A Blue Monkey for the Tomb. London and Boston, Faber, 1994.
* * *Hubert Witheford began to publish in Wellington in the 1940s while he was a student in history at the University of Victoria. His early poems were heavy with symbolism and were rhetorical in tone and form, but they had an abstract intellectual quality that marked them out from the more typically romantic poetry of his contemporary James K. Baxter. This can be seen, for example, in "Bright Sunlight":
The flower unfolding and the burning tombs
At the far sun of lonely flame are kindled
Beneath whose power as in earth's final light
The citizens of chaos come to justice.
Witheford quickly assimilated T.S. Eliot's view of literary history, that in the seventeenth century there had been a "dissociation of sensibility," from which modernism was at last rescuing poetry in English. He also was among the first New Zealand poets to appreciate and write intelligently about Pound's Cantos. This led to a gradual shift in his own poetry in the direction of wit, though for some time there was a continuing element of mysteriousness, even mysticism. In the early 1950s Witheford moved to London, where he was employed in the Central Office of Information. For many years he worked almost entirely in isolation, cut off from his potential readers at home and without establishing any significant British reputation.

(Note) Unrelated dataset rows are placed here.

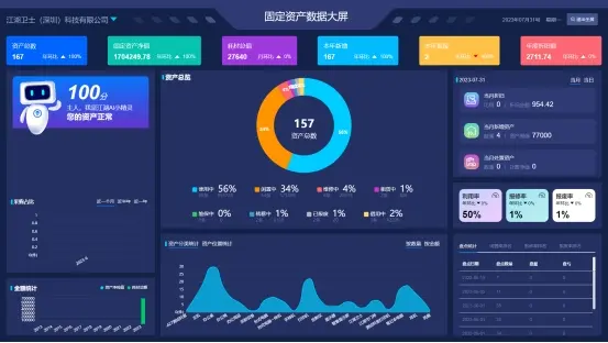 江湖卫士RFID固定资产管理系统,作为一款物联网RFID技术应用的创新性软件,在本次的升级当中,在功能上上线了江湖云-固定资产数据大屏,通过大屏展示的方式,实时掌握资产信息,对资产数据进行实时同步,并对资产使用情况进行对实时有效分析,让资产数据信息更加直观的呈现在眼前!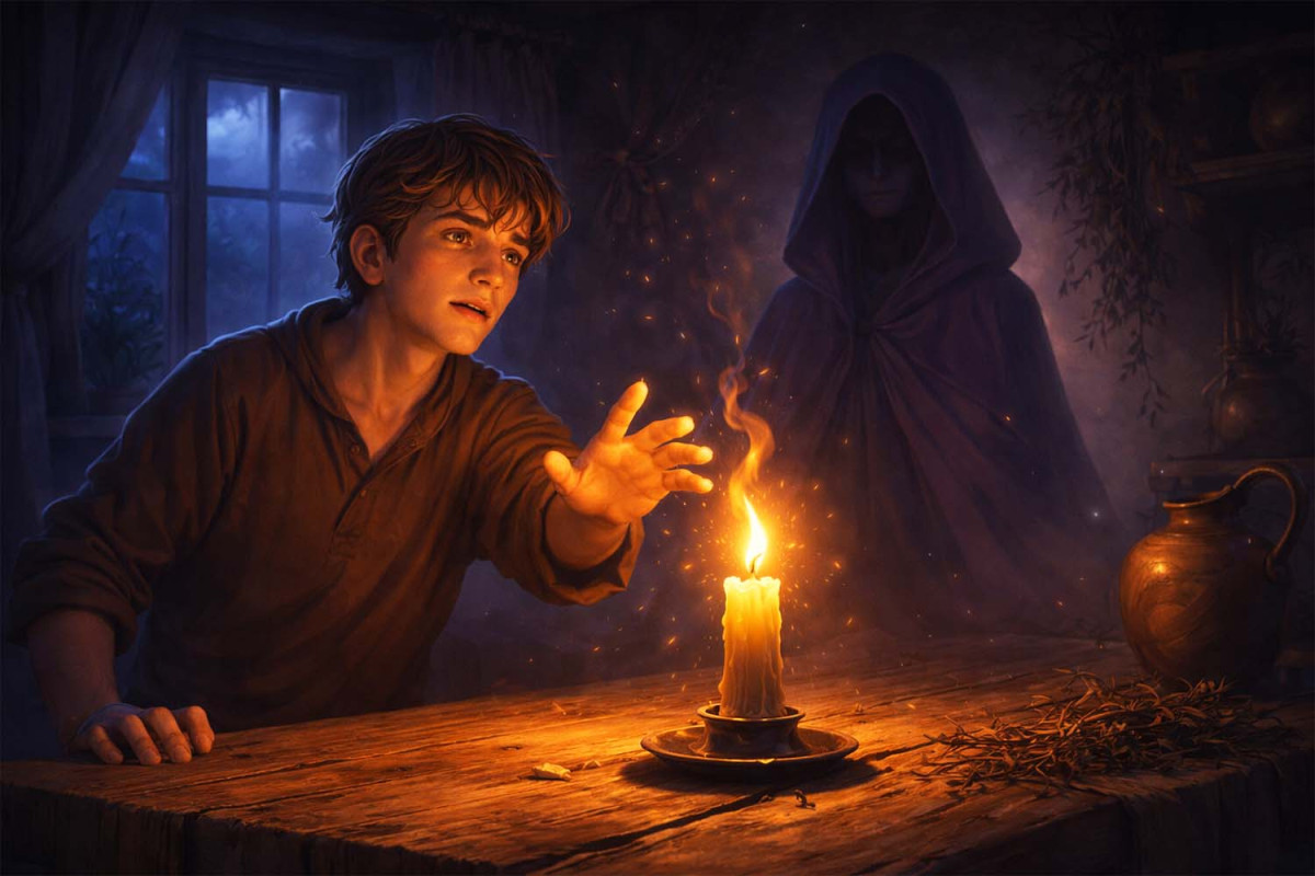 Поклала гостя на стіл перед парубком дві свічки. Одна була товста, з жовтого воску, важка і надійна. Гніт у ній ледве жеврів, даючи слабке, рівне, але сумне світло. Воно не гріло, лише розганяло морок. Друга свічка була тоненька, витончена, але палала вона, як смолоскип! Вогонь ревів, танцював, розсипав іскри, освітлюючи кожен куток хати яскравим, сліпучим сяйвом.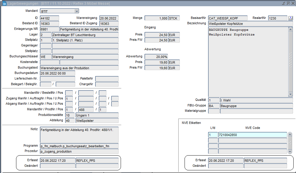 Nummer der vom System automatisch vergebenen Bestand ID bei der Wareneingangsbuchung.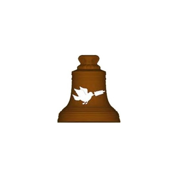 Piccola campana di cioccolato da 50 g ø7xh8 cm: stampo, in policarbonato professionale per uso intensivo, forma di campana di cioccolato con decoro uccello con ramoscello di ulivo, ideale monoporzione di cioccolato per pasqua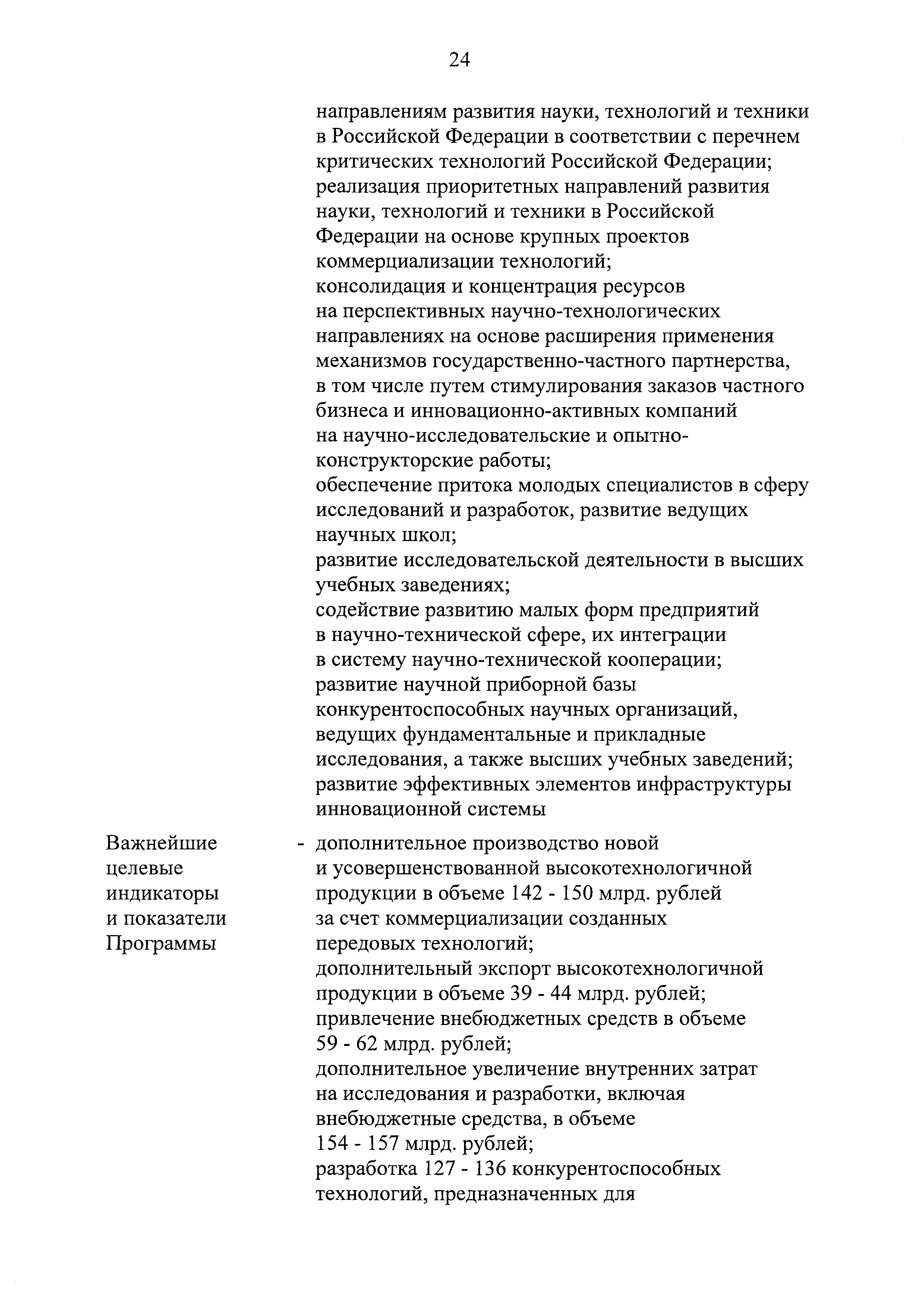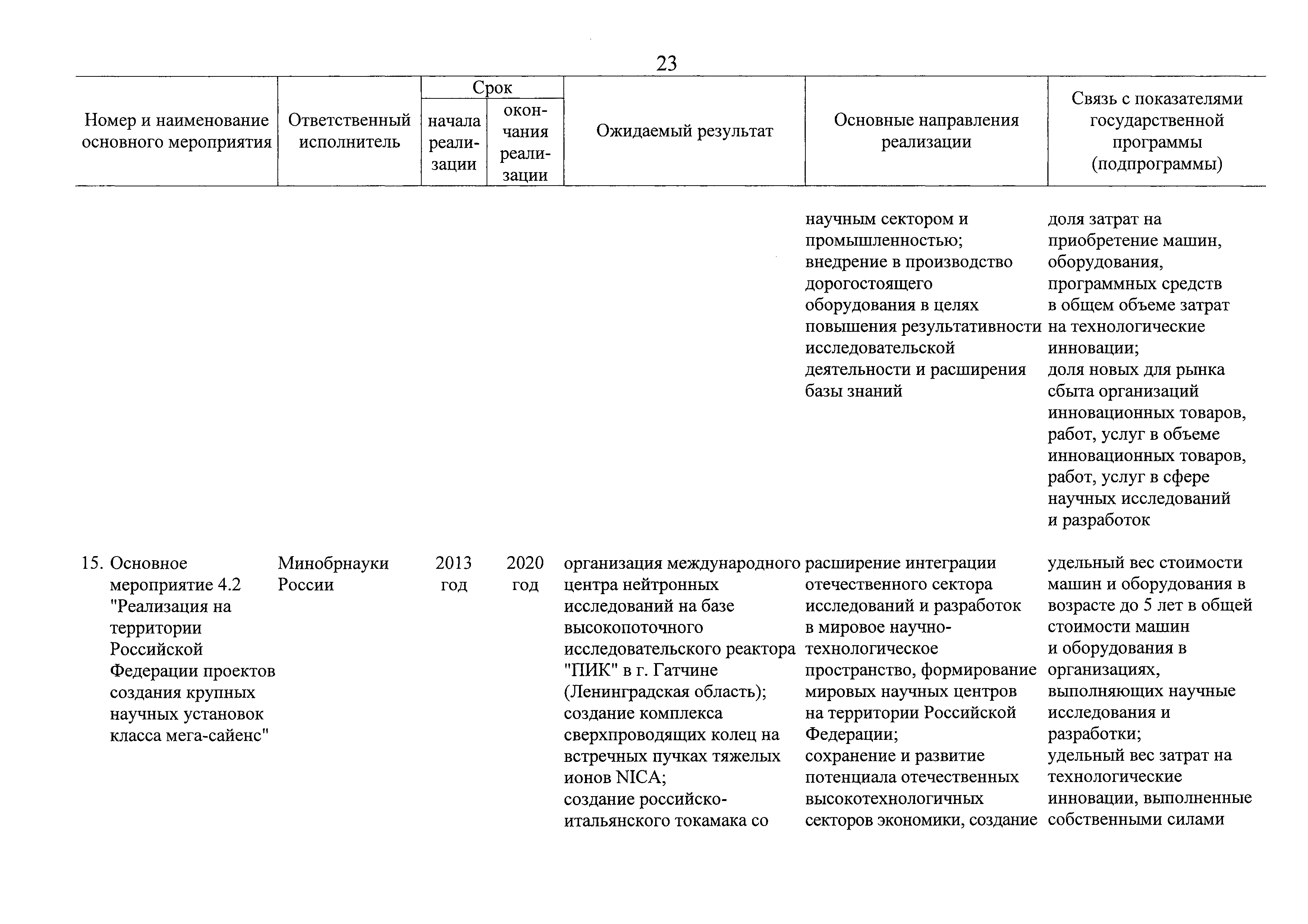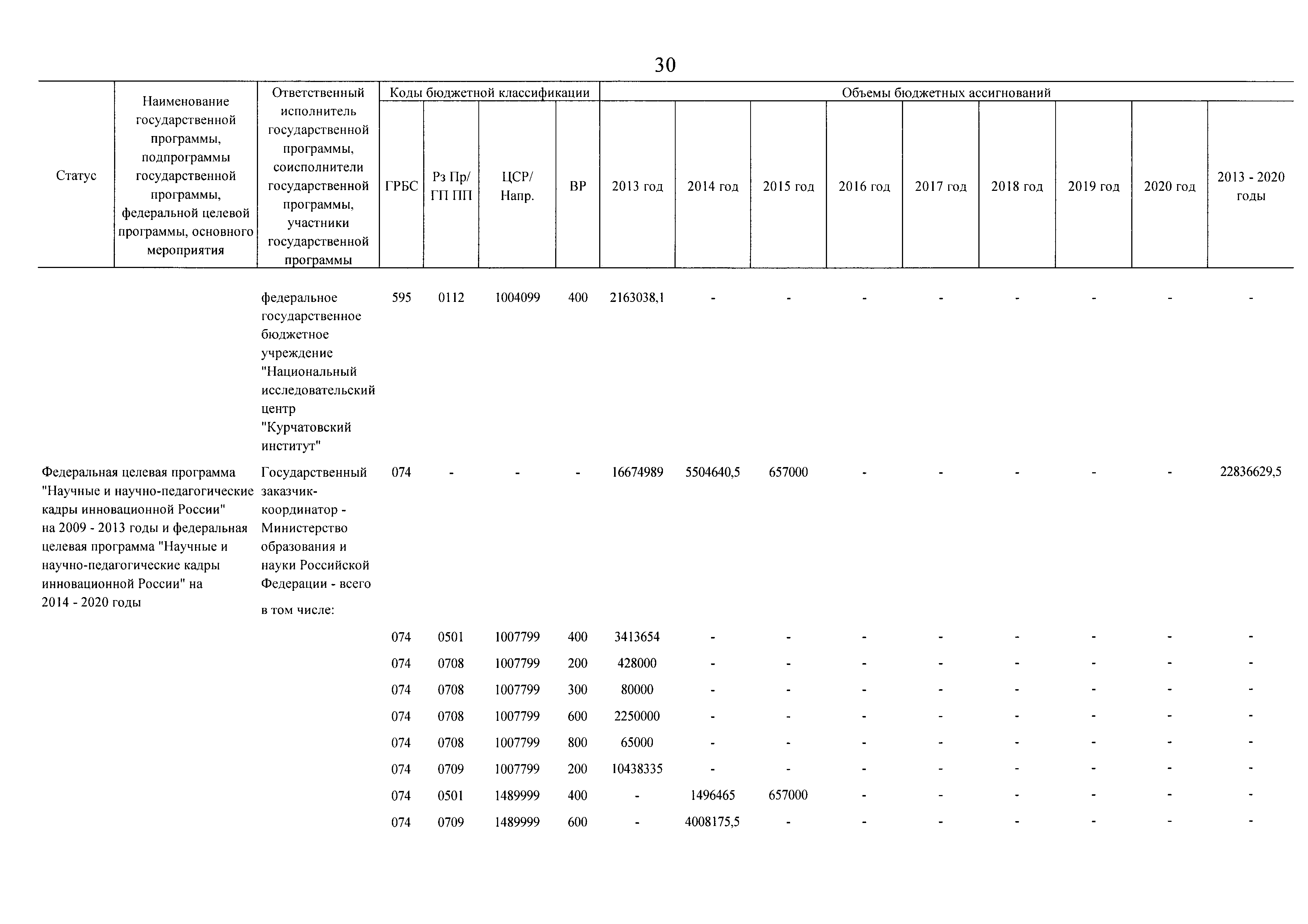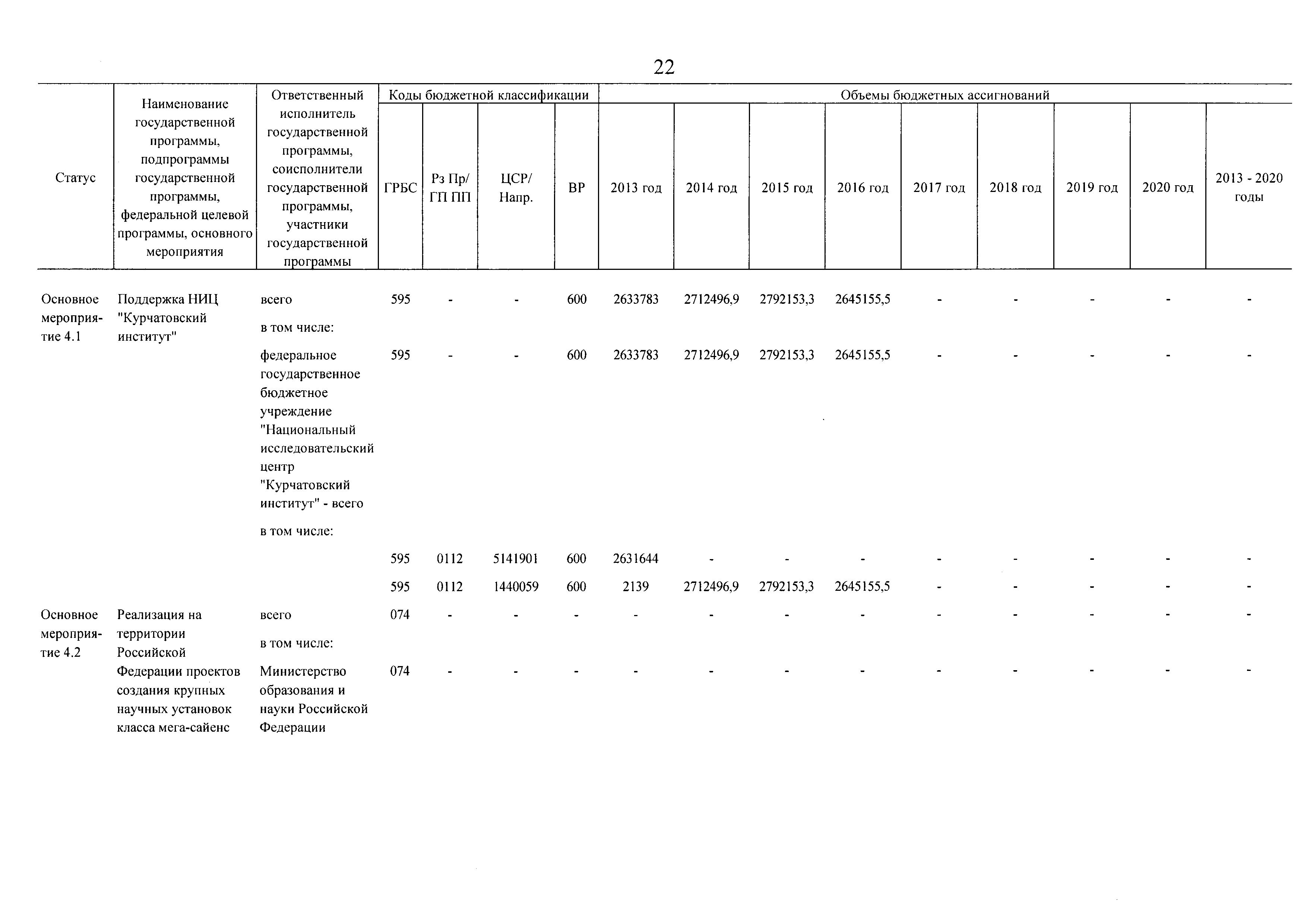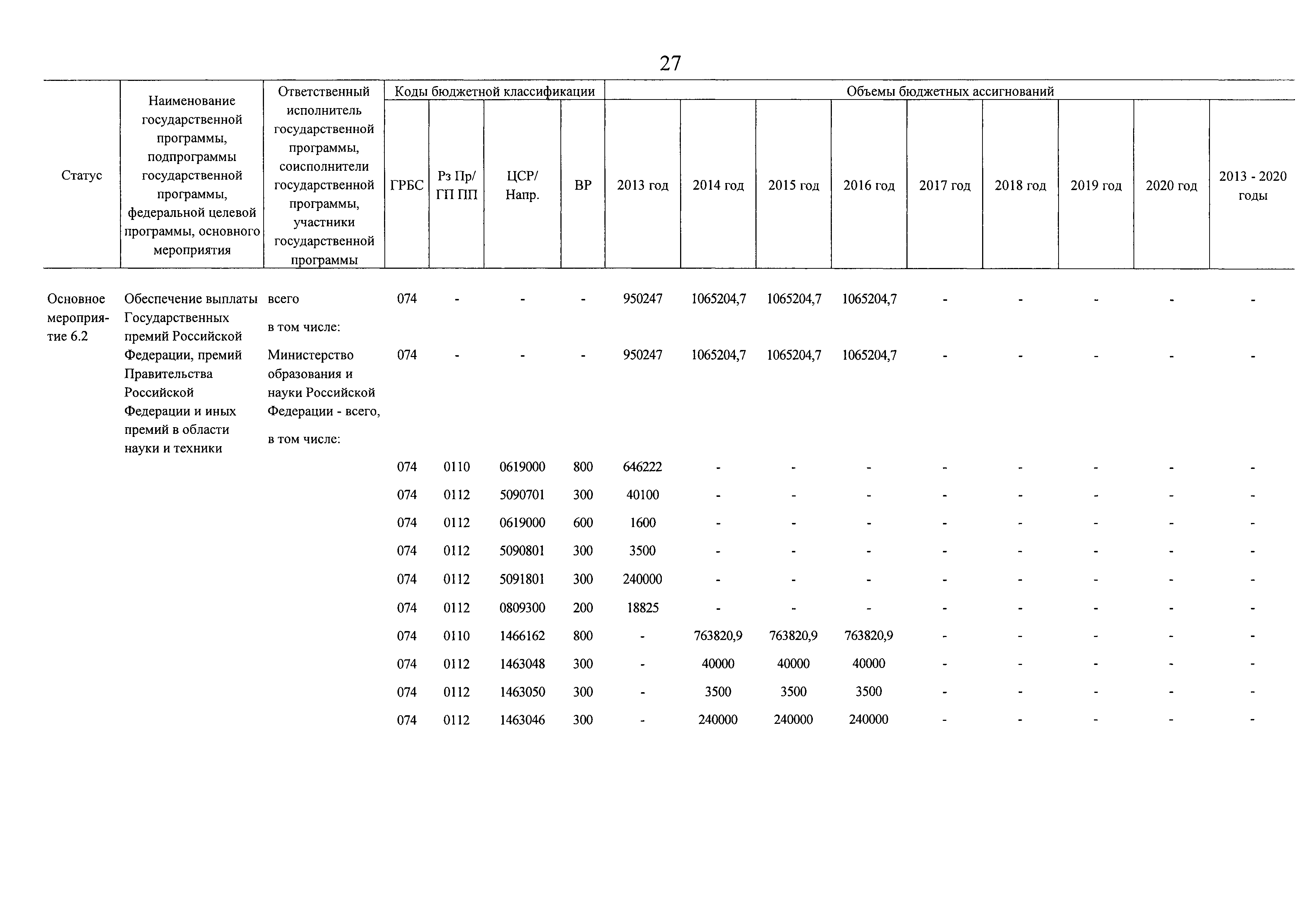 | Оглавление: | Паспорт государственной программы Российской Федерации "Развитие науки и технологий" на 2013 - 2020 годы Паспорт подпрограммы 1 "Фундаментальные научные исследования" государственной программы Российской Федерации "Развитие науки и технологий" на 2013 - 2020 годы Паспорт подпрограммы 2 "Прикладные проблемно ориентированные исследования и развитие научно-технологического задела в области перспективных технологий" государственной программы Российской Федерации "Развитие науки и технологий" на 2013 - 2020 годы Паспорт подпрограммы 3 "Институциональное развитие научно-исследовательского сектора" государственной программы Российской Федерации "Развитие науки и технологий" на 2013 - 2020 годы Паспорт подпрограммы 4 "Развитие межотраслевой инфраструктуры сектора исследований и разработок" государственной программы Российской Федерации "Развитие науки и технологий" на 2013 - 2020 годы Паспорт подпрограммы 5 "Международное сотрудничество в сфере науки" государственной программы Российской Федерации "Развитие науки и технологий" на 2013 - 2020 годы Паспорт подпрограммы 6 "Обеспечение реализации Государственной программы" государственной программы Российской Федерации "Развитие науки и технологий" на 2013 - 2020 годы Федеральная целевая программа "Исследования и разработки по приоритетным направлениям развития научно-технологического комплекса России на 2007 - 2013 годы" Паспорт федеральной целевой программы "Исследования и разработки по приоритетным направлениям развития научно-технологического комплекса России на 2007 - 2013 годы" Федеральная целевая программа "Исследования и разработки по приоритетным направлениям развития научно-технологического комплекса России на 2014 - 2020 годы" Паспорт федеральной целевой программы "Исследования и разработки по приоритетным направлениям развития научно-технологического комплекса России на 2014 - 2020 годы" Федеральная целевая программа "Научные и научно-педагогические кадры инновационной России" на 2009 - 2013 годы Паспорт федеральной целевой программы "Научные и научно-педагогические кадры инновационной России" на 2009 - 2013 годы Федеральная целевая программа "Научные и научно-педагогические кадры инновационной России" на 2014 - 2020 годы Паспорт федеральной целевой программы "Научные и научно-педагогические кадры инновационной России" на 2014 - 2020 годы Федеральная целевая программа "Мировой океан" Паспорт федеральной целевой программы "Мировой океан" Приоритеты и цели государственной политики в сфере реализации государственной программы Российской Федерации "Развитие науки и технологий" на 2013 - 2020 годы Приложение № 1. Сведения о показателях (индикаторах) государственной программы Российской Федерации "Развитие науки и технологий" на 2013 - 2020 годы, подпрограмм государственной программы Российской Федерации "Развитие науки и технологий" на 2013 - 2020 годы, федеральных целевых программ (подпрограмм федеральных целевых программ) Приложение № 2. Перечень основных мероприятий государственной программы Российской Федерации "Развитие науки и технологий" на 2013 - 2020 годы Приложение № 3. Сведения об основных мерах правового регулирования в сфере реализации государственной программы Российской Федерации "Развитие науки и технологий" на 2013 - 2020 годы Приложение № 4. Ресурсное обеспечение реализации государственной прогр

There was a gap of ten years between Witheford's second and third books, and it is in this period that the full shift into his mature style occurs. The iambic beat is largely gone. The lines are shorter, or at least more varied, the cadences closer to those of speech, and the statements more direct. The wit that was evident in his student prose writings now finds its way into the poems, especially those of his fourth book, A Native, Perhaps Beautiful, still probably his best. It is as much as anything a matter of tone, as shown in excerpts from "The Displacement" and from "Towards a Completely Flat Surface":
I know without opening my eyes
It is ugly,
It is mine.
I take a drink from an undeniable
Sportsman in a white polo-neck jersey
"Barbarossa," a recollection of the earthquake that destroyed the town of Napier in his childhood, revives the legend of the great soldier-king Frederick Barbarossa, who "sits in his armour" in a cave, waiting to rise from the dead, as the burghers of Napier sit "squashed in their ancient Fords" under the "half a hill / Spilt on the coast road."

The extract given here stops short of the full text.